When you said, 'All vendors say they do AI,' look at the use cases on their web pages. Let me tell you mine. Regeneron is a pharma company; they found the genome responsible for chronic liver disease in Databricks, using AI, and they actually have a drug [to treat that] now.

Okay, that's a good use case. Ghodsi added:

At Regeneron, they built up a phenotype database, and a DNA database with lots of patients. So you have diseases on the one hand, and you have DNA on the other side. And you want to quickly iterate between those, and find the needle in the haystack: the gene markers that are responsible for that disease.

Using Databricks, Regeneron accelerated drug target identification. They reduced the time it takes data scientists and computational biologists to run queries on their entire dataset, from 30 minutes to down 3 seconds - a 600x improvement. Ghodsi's next slide was Starbucks:

They have so many different use cases. Today, using Databricks, down to every SKU of the stuff they sell, to over 30,000 stores in the world, they can predict and forecast sales and revenue. It's all machine learning, and it's based on real-time patterns, how people have been buying stuff, the diurnal patterns, what's happening in their other stores, and then that forecasting is done.

50x to 100x in processing time improvement is another Starbucks proof point. For his third customer example, Ghodsi walked me through Shell:

Shell has over 200 million valves. Each of these valves has a sensor attached to it, and it just spews out lots of data all the time. That data comes into Databricks; the technology that we have is called Lakehouse.

We predict the likelihood of a particular sensor breaking down. We're actually not that great at it; we have roughly 70% accuracy. If we say it's likely to break down in the next month, we're right 70% of the time. Not 99% or anything like that.

As it turns out, 70% accuracy is still a big deal:

It's massively cost efficient to go replace that right away, when we give that prediction. And that saves lives; that's better for the environment. And it also saves a lot of money.

My take - call it a data lakehouse if you want, just give me the customer proof points

Did you notice how Ghodsi snuck in the 'data lakehouse' term there? I'm not going to spend much time sweating this particular buzzword. I realize there is some benefit into drilling in, as Raden did, to understand the semantics - and say, the difference between a cloud data warehouse and a data lakehouse. Databricks has their own answers here, and justifications for this terminology. I don't really care about that. Nor do I care about Ghodsi's assertion that they are the only company that has productized AI and massive data processing. Here's what I care about:

You say you're using AI and "big data" to help customers - let's see the proof points. There, Ghodsi was ready, with multiple blue chip customers to point to, operating at scale. He was able to talk speeds and feeds, but also business results. Ghodsi also wanted to talk about Comcast, and how Databricks uses voice data from Comcast and converts it to digital data inside their Data Lakehouse, and "actuates it in real-time." Meaning: instantly responding to customer voice requests.

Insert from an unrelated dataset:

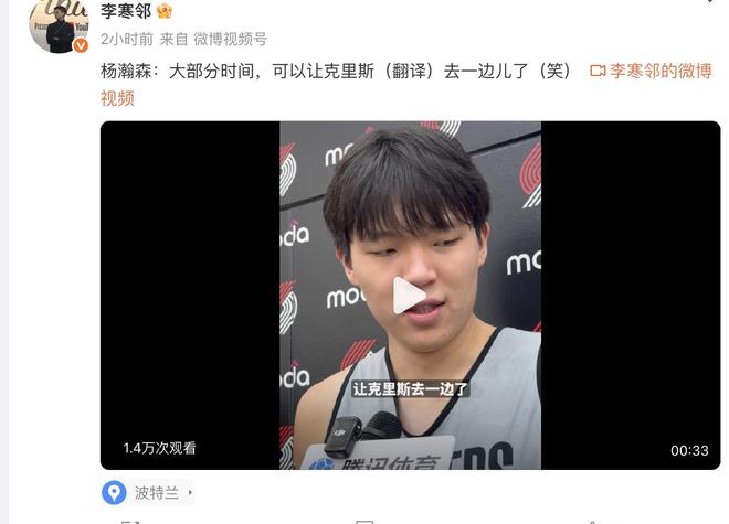 而且据了解,青岛男篮还在他们的主场组织的观赛仪式,号召青岛的球迷到现场一起为杨瀚森加油打气。这些来自于家乡球迷的支持,都会让杨瀚森以最好的状态出战本次比赛。除了这一点之外,另外一方面根据前方记者透露的消息,在最新的采访日里面,杨瀚森基本上已经能够独自听懂国外记者采访的大概意思,这应该也算是一个比较大的进步。毕竟杨瀚森想要在赛场上打好比赛,就必须得更多依靠自己,听懂教练组的战术,和队友们在场上更好的沟通。如今英语取得了一定的水平进步。确实是一个非常利好的消息,

My next step would be to drill into this with Databricks customers, which I hope to do in good time. But in the meantime, Databricks is full speed ahead. They conducted their own major virtual event, the Data + AI Summit (replays available through June 28, 2021). Timed with the show, Databricks issued a slew of product news. One news item that caught my eye: Databricks Unveils Delta Sharing. From the press release:

Today, at the Data + AI Summit, Databricks announced the launch of a new open source project called Delta Sharing, the world's first open protocol for securely sharing data across organizations in real-time, completely independent of the platform on which the data resides.

If traction can be achieved, this opens up possibilities, beyond the data access issues inherent in proprietary systems. A so-called "neutral governance model" is certainly something to push for, though industry-wide adoption is always the rub. But unraveling all these news stories is beyond my scope today. I have a hunch I'll be debating such topics with Ghodsi again.